While Teller and Woodley are certainly the power couple of The Spectacular Now, the supporting cast puts in work that is just as solid.  Brie Larson (21 Jump Street) does a great job as Cassidy, Sutter’s ex-girlfriend who loses interest in his lack of control and conviction, Jennifer Jason Leigh (The Machinist) and Mary Elizabeth Winstead (Scott Pilgrim vs. the World) give heartfelt performances as his mother Sara and sister Holly, and Bob Odenkirk (Breaking Bad) and Andre Royo (The Wire) also do good work in their small mentorly parts as his boss and geometry teacher, respectively.  However, the standout amongst the supporting cast, and perhaps the most surprising performance of the film, is Kyle Chandler as Sutter’s deadbeat father Tommy.  After seeing Chandler as the all-together All-American in Super 8, Zero Dark Thirty, and especially Friday Night Lights, having him play a man who is barely keeping himself together is alarming and affecting to see.  His fatherly stutters become the tics of an addict, and his strong voice becomes one not of wise conviction but of desperate reassurance.  Abandoning his family in the wake of an affair, Tommy is startling figure for his son, a Sutter-Yet-To-Be that even shares his “Live for the Now” mantra but for all the wrong reasons.  He’s only on screen for a short time, but Chandler’s performance here is one of the strongest of his career.
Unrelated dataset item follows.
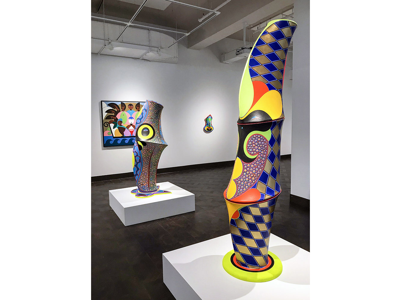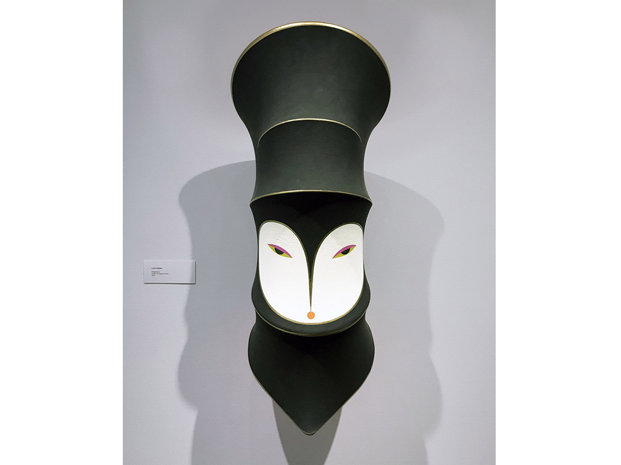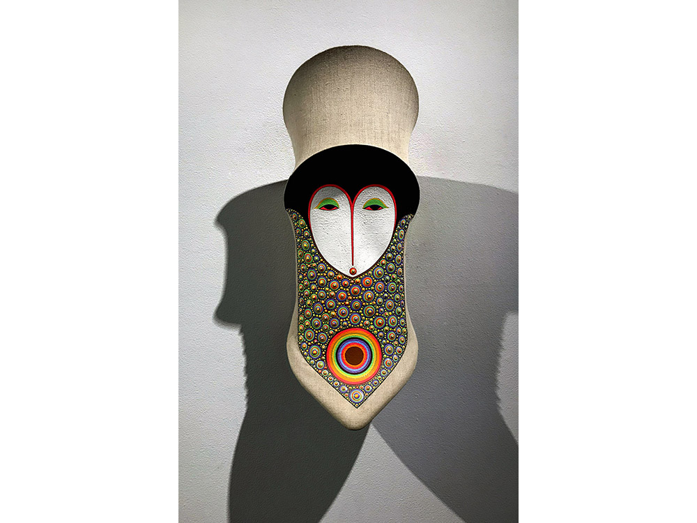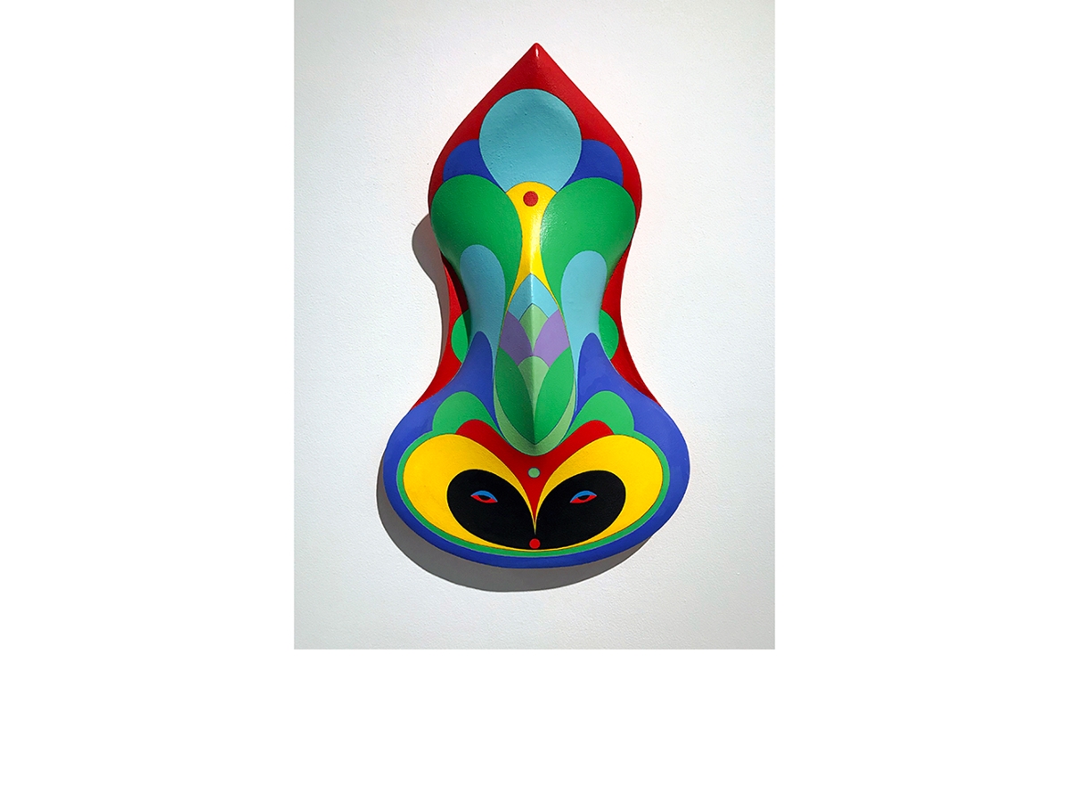 Originally from Port-au-Prince, Haiti, Claes Gabriel’s work combines the cultural richness of Haiti with contemporary practice and use of materials that mimic tribal masks and totems. The shape of each piece informs its unique personality, which Gabriel heightens with bright color, eyes, and lips. Gabriel’s first influence was his father, Jacques Gabriel (1934–1988), a classically-trained painter who depicted the lushness and vibrant life of Haiti in his own paintings. He was also influenced by contemporary artists such as Frank Stella and Sam Gilliam. Referencing Haitian culture through color, folklore, and his own imagined tales, Gabriel creates a mythical like presences in each artwork.
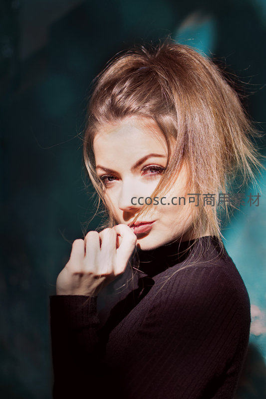 女子身穿黑色高领毛衣,在冷色调背景和戏剧性光线下,她侧脸凝视镜头,一手轻触下巴,散发出神秘、沉静且富有表现力的时尚氛围。

The closing moral of most high school movies, especially those with a heavy romantic subplot, is that love is forever, that if you declare your love for your crush at prom or at graduation or at a gas station on the side of the road you’ll get to ride out into the sunset on a “happily ever after”.  In The Spectacular Now, said moral is eschewed in favor of something a bit more disheartening but a lot more realistic; love moves on.  Considering the track record of the creators (Ponsoldt first directed the alcoholic drama Smashed, also starring Winstead, and Neustadter and Weber wrote the indie anti-rom-com (500) Days of Summer) the film’s outcome is hardly surprising, but it is refreshing and at the very least thoughtful.  There are very few clean endings in life, especially when it comes to the transition from childhood to adulthood, and while Sutter ends the film thinking that he has it all figured out, we as the audience know that he still has a long way to go.  It’s an honest ending, somewhat hopefully but not entirely optimistic, and I think it’s the right one for this story.  On the whole, The Spectacular Now is arguably one of the best dramas of the year, heartfelt and heartbreaking, with some great writing and astounding performances.  It’s a perfectly authentic slice of life, with all the kisses and bruises left intact.